Interaction between alcohol and cannabis leads to altered senses, mood changes, impaired body movement, difficulty with thinking and problem-solving, and impaired memory and learning. Studies have highlighted the synergistic effects of alcohol and cannabis, where coadministration results in increased impairment in behavioral and neurocognitive measures compared to a single use of either substance.
Alcohol can increase THC absorption, meaning the psychoactive effects of cannabis can be felt more strongly and quickly.

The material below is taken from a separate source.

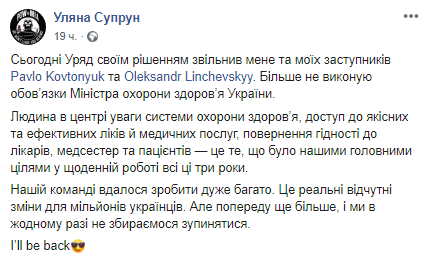 "Нашей команде удалось сделать очень много. Это реальные ощутимые изменения для миллионов украинцев. Но впереди еще больше, и мы ни в коем случае не собираемся останавливаться. I'll be back", - написала Супрун, повторив знаменитую фразу Терминатора из культового блокбастера.

In the presence of alcohol, significantly higher levels of blood THC and its main active metabolite are detected, which may explain the increased impairment observed following coadministration of cannabis and alcohol.
Limited data is available regarding the acute influence of cannabis on the motivation to consume alcohol, though some studies suggest that cannabis, relative to placebo, acutely reduced the amount of alcohol consumed on a subsequent drinking task.
The synergistic effect of combination can lead to increased impairment and a higher likelihood of experiencing negative side effects:
- Impaired Coordination: Both substances impair motor coordination and reaction times, increasing the risk of accidents.
- Cognitive Impairment: Memory, attention, and decision-making can be significantly impaired.
- Anxiety and Paranoia: Some individuals may experience heightened anxiety or paranoia.
- Dehydration: Both alcohol and cannabis can lead to dehydration and dry mouth.
The phenomenon of experiencing the effects of alcohol and cannabis simultaneously is often referred to as "cross-fading". This can lead to enhanced intoxication, sometimes resulting in nausea, dizziness, and in severe cases, "greening out" (a term used to describe feeling sick after consuming cannabis).
Over-intoxication: The combined use can lead to severe intoxication, which may result in poor decision-making, risky behaviors, and blackouts.
Cardiovascular Risks: Both substances can increase heart rate, posing potential risks to individuals with pre-existing heart conditions.
Mental Health Risks: Prolonged use of both substances can have detrimental effects on mental health, potentially contributing to conditions like depression and anxiety.
Dependence: There is a risk of developing dependence on one or both substances.
Chronic alcohol exposure generally increases endocannabinoid production, which may downregulate CB1 receptor signaling, potentially contributing to anxiety and relapse into drinking.
Cannabis produces anti-inflammatory actions, which could potentially mitigate some adverse inflammatory consequences of alcohol abuse.
Large hospital datasets indicate that cannabis use reduces the risk of alcoholic pancreatitis and gastritis.
Preclinical studies suggest diverse beneficial effects of CBD, such as neuroprotection from adverse alcohol effects in the hippocampus and reduced alcohol-mediated liver damage.
Start Low and Go Slow: If choosing to consume both, start with lower doses to minimize risks and understand your tolerance.
Stay Hydrated: Ensure to drink water to mitigate potential dehydration.
Avoid Dangerous Activities: Never drive, climb, swim, etc. under the influence of alcohol, cannabis, or both.
Know Your Limits: Be aware of your own limits and ensure to consume responsibly.
If you decide to combine these substances, we recommend taking cannabis first, enjoying its effects, and when they pass their peak values, then add a little alcohol for a sedative and relaxing effect. Such a scenario, if adequate dosages are observed, minimizes the risks.
In light of these considerations, we strongly recommend a meaningful approach to this combination.